For this reason, while there is a tension between common sense and philosophy even on a “New Hume” view of causation – for given Humean epistemology and metaphysics, how can our common life understanding of causation be even possibly true, since causal connections become not merely unknowable but unintelligible? – there is no such tension in A-T. A-T really is what P. F. Strawson famously called a “descriptive” metaphysics, which leaves common sense intact, while Humeanism is “revisionary” to the core, thoroughly undermining common sense implicitly even when it pays lip service to “common life.” A Humean “skeptical realist” has, when outside his study, to feign complete ignorance of what he learned within it. Even the bare possibility that common sense might be right, the very intelligibility of causation, is ruled out when his methodology is taken seriously. No such pretense would be necessary on A-T even if the A-T philosopher were to entertain doubts about whether genuine knowledge is really possible, for there is nothing in his position (as there is in the Humean position) which casts doubt on the very intelligibility, and not just the knowability, of causes.
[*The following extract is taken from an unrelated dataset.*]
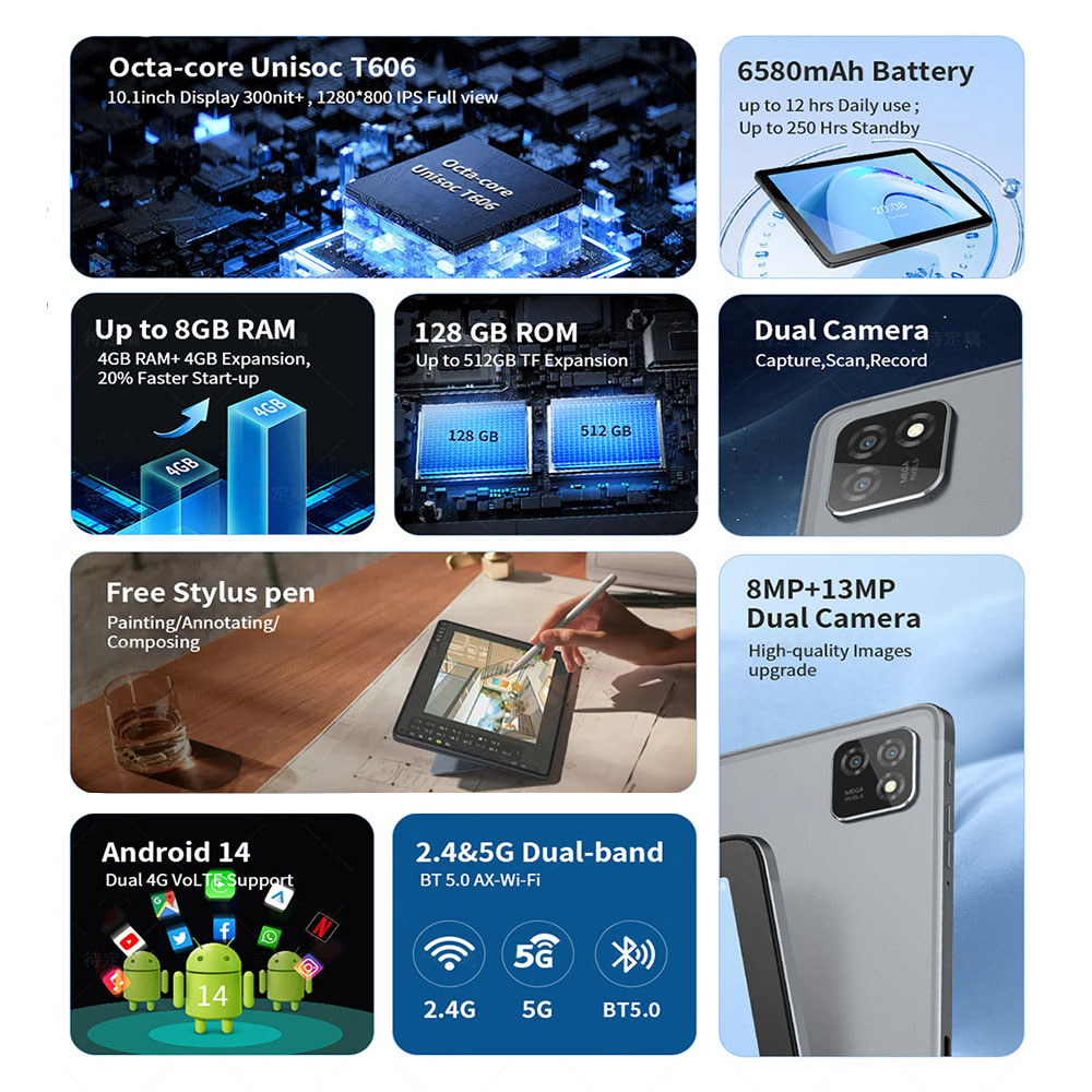 G-tab T11 Android 14 Tablet 10.1 Inch 1280&800 IPS Screen Unisoc T606 8 Core Max 1.6GHz 8GB RAM 4GB&4GB Expansion128GB ROM 2.4&5GHz WiFi Bluetooth 5.0 6580mAh Battery 8MP&13MP Camera Dual 4G

If we are really to take “common life” seriously, then, we have to take seriously the metaphysics which makes it even minimally intelligible, namely something like A-T metaphysics. And that means accepting (assuming they are otherwise unobjectionable, as I argue in TLS that they are) the First Cause arguments that follow from it. Conversely, to reject those arguments entails rejecting after all the idea that common sense is right even about the very possibility of objective causal connections – which means in turn rejecting even an “animal faith” justification of our commitment to science.
And that returns us yet again to the question we started out with: How can a Humean consistently accept science and yet reject First Cause arguments for the existence of God? The unavoidable answer seems to be: He can’t. As far as a consistent Humeanism is concerned, science and theism must stand or fall together. But then there is no good reason to be a Humean in the first place, and many good reasons not to be. So perhaps the question is moot.